I fully admit that I went into DrupalCon Chicago suspicious of AI. Not exactly “curious-suspicious.” It was more like arms-crossed, waiting-to-be-convinced suspicious. I’d been following the issue queue debates and noticing the tension between people who wanted more or less involvement of LLMs in our community. I held some assumptions that led to discomfort, and I resisted participating in the community. I almost didn’t go this year, for the first time since 2009.
But at the last moment, I found a way to make it work, and I went to DrupalCon in spite of my skepticism. Over the course of the week, talking to people, sitting in sessions, and watching how the community was working through this, I started to notice something. Many people in the community doing thoughtful work with AI weren’t necessarily the ones who had picked a “side.” They were the ones drawing on something the Drupal community built years ago: our Values and Principles. Those conversations began to change my assumptions.
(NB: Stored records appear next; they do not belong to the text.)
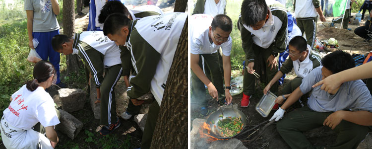 中午野炊过程中,各队同学先后完成了积分兑换食材、自主埋锅搭灶、协作炒菜烧饭,收获了由自己劳动所获得的果实。制作午餐时,不仅团队内成员之间协作默契,各团队之间也相互帮助,分享各自成果、共享彼此喜悦。
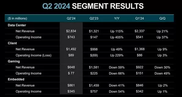 (AI云资讯消息)AMD今日刚刚公布了其 2024 年第二季度的财报,亮点在于公司近一半的销售额现在来自数据中心产品——不是个人电脑芯片,不是游戏主机芯片,也不是工业或车辆的嵌入式芯片。
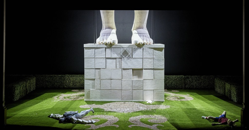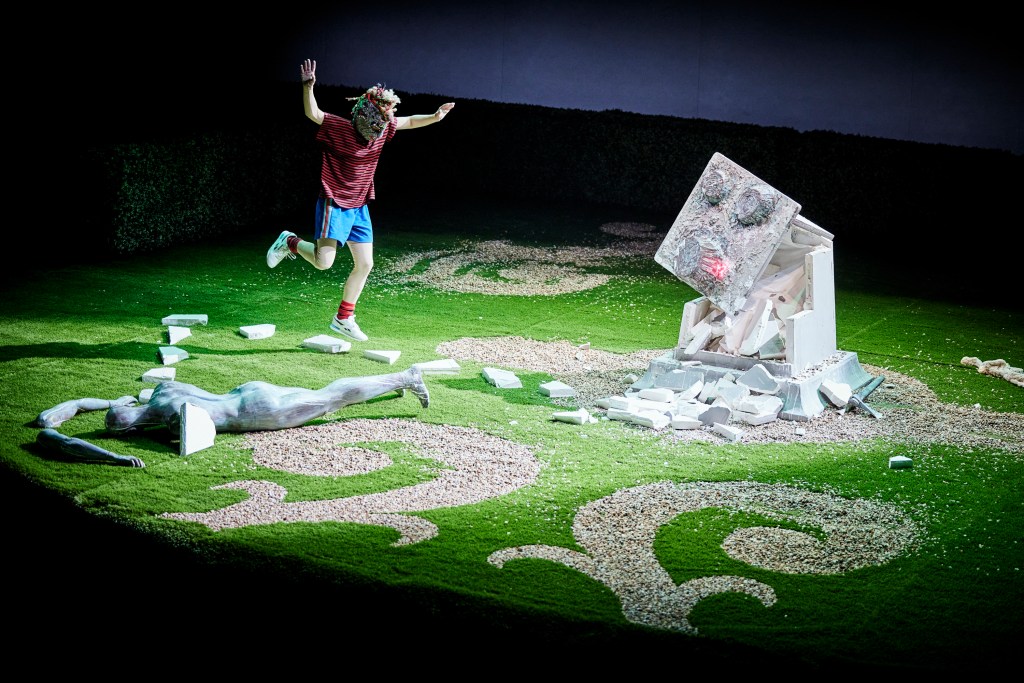La statue s’effondre sous les coups de sa propre hache, version rustique du motif du glaive. Non plus de marbre lourd mais de fortune, la statue tombée au sol se fait radeau. Ce n’est qu’un jeu d’enfant dans un jardin, un désordre de chambre, une réécriture de l’espace scénographique fait de débris et de gravas.

When the Conversation Gets Heated
There seems to be real tension in the Drupal community around AI right now. Proposals to ban AI-generated contributions from Drupal core, and related discussions about where to draw the line, have stirred some strong feelings. Dries wrote honestly about the bind he feels in “AI creates asymmetric pressure on Open Source,” naming both the real burden on maintainers and the risk of falling behind. He described feeling caught between two truths: maintainers hold everything together, and the people who depend on Drupal watch other platforms accelerate.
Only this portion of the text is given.